CS194-26: Intro to Computer Vision and Computational Photography, Fall 2021

Final Projects

Angela Chen



Gradient Domain Fusion

Part 1: Toy Problem

For the toy problem, I created a sparse matrix A. If s is the source image, and v is the image to solve for, then each row in A contains the coefficients for each pixel value in v to solve for. b is a vector of the gradient values in s. The three objectives for this problem are minimize ( v(x+1,y)-v(x,y) - (s(x+1,y)-s(x,y)) )^2, minimize ( v(x,y+1)-v(x,y) - (s(x,y+1)-s(x,y)) )^2, and minimize (v(1,1)-s(1,1))^2. For the first objective, in a row of A, the coefficient of v(x+1,y) is 1, and the coefficient of v(x,y) is -1. The corresponding value in b is s(x+1,y)-s(x,y). For the second objective, in a row of A, the coefficient of v(x,y+1) is 1, and the coefficient of v(x,y) is -1. The corresponding value in b is s(x,y+1)-s(x,y). For the third objective, in a row of A, the coefficient of v(1,1) is 1, and the corresponding value in b is s(1,1). After creating A and b, I solved for v using least squares.


Original toy image.
Reconstructed toy image using gradient domain processing and solved using least squares.

Part 2: Poisson Blending

For Poisson blending, my implementations of A and b were very similar for what I did in the toy problem. But now the blending constraints to solve for are:

Where s is a region in the source image, t is the target image that s will be blended into, and v is the blended image. j is the 4 neighbors (left, right, up, down) of i. In a row of A, the coefficient of v_i is 1, and the coefficient of v_j is -1. The corresponding value in b is s_i-s_j. If pixel j is not in s, then the coefficient of v_j is 0, and the corresponding value in b is t_j.

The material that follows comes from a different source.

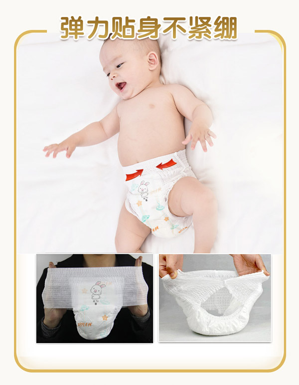 宜片無憂童趣紙尿褲采用熱風(fēng)材質(zhì),親膚柔軟,選用柔軟熱風(fēng)凸點無紡布作為面料,具有蓬松度高,彈性好,手感柔軟,透氣性好等特點,寶寶穿著舒適,玩的開心,睡得安心。

Here are my results for Poisson blending:



Source.
Mask.
Target.

Naive blend.
Poisson blend.


Source.
Mask.
Target.

Naive blend.
Poisson blend.


Source.
Mask.
Target.

Naive blend.
Poisson blend.

I did have one failure case when I tried to blend the rainbow image above with an image of a galaxy sky. The blending didn't look very good, most likely due to the galaxy sky having a lot of variation in colors of shades of blues and purples while the rainbow image didn't. I unfortunately did not save these images. Other than that, I didn't really have any failure cases.

Bells and Whistles

Mixed Gradients

For mixed gradients, I followed the same steps as Poisson blending but for the values in the b vector, they were s_i-s_j is abs(s_i-s_j) > abs(t_i-t_j) else they were t_i-t_j.



Source.
Mask.
Target.

Naive blend.
Mixed gradients.

Final Project 2: Light Field Camera

For this project, I used the chess rectified images dataset from the Stanford Light Field Archive. There are 289 images on a 17x17 grid. The file name of each image contains the u, v coordinates of the center of projection of the camera.

Part 1: Depth Refocusing

For depth refocusing, I first found the u, v coordinates of the center image at grid position (8, 8). Then for all other images, I took their u, v coordinates and subtracted the center image u, v coordinates from them to obtain u - center_u and v - center_v. I then multiplied these differences by a constant alpha to obtain shift values that will be used to shift each image. I first tried using sp.ndimage.shift with interpolation to shift float values, but the computation time was too long. So instead, I rounded my shift values and opted to use np.roll. My results still seem prety decent despite using integers for shift values. After shifting each image (except the center image), I averaged all the images together to refocus the depth.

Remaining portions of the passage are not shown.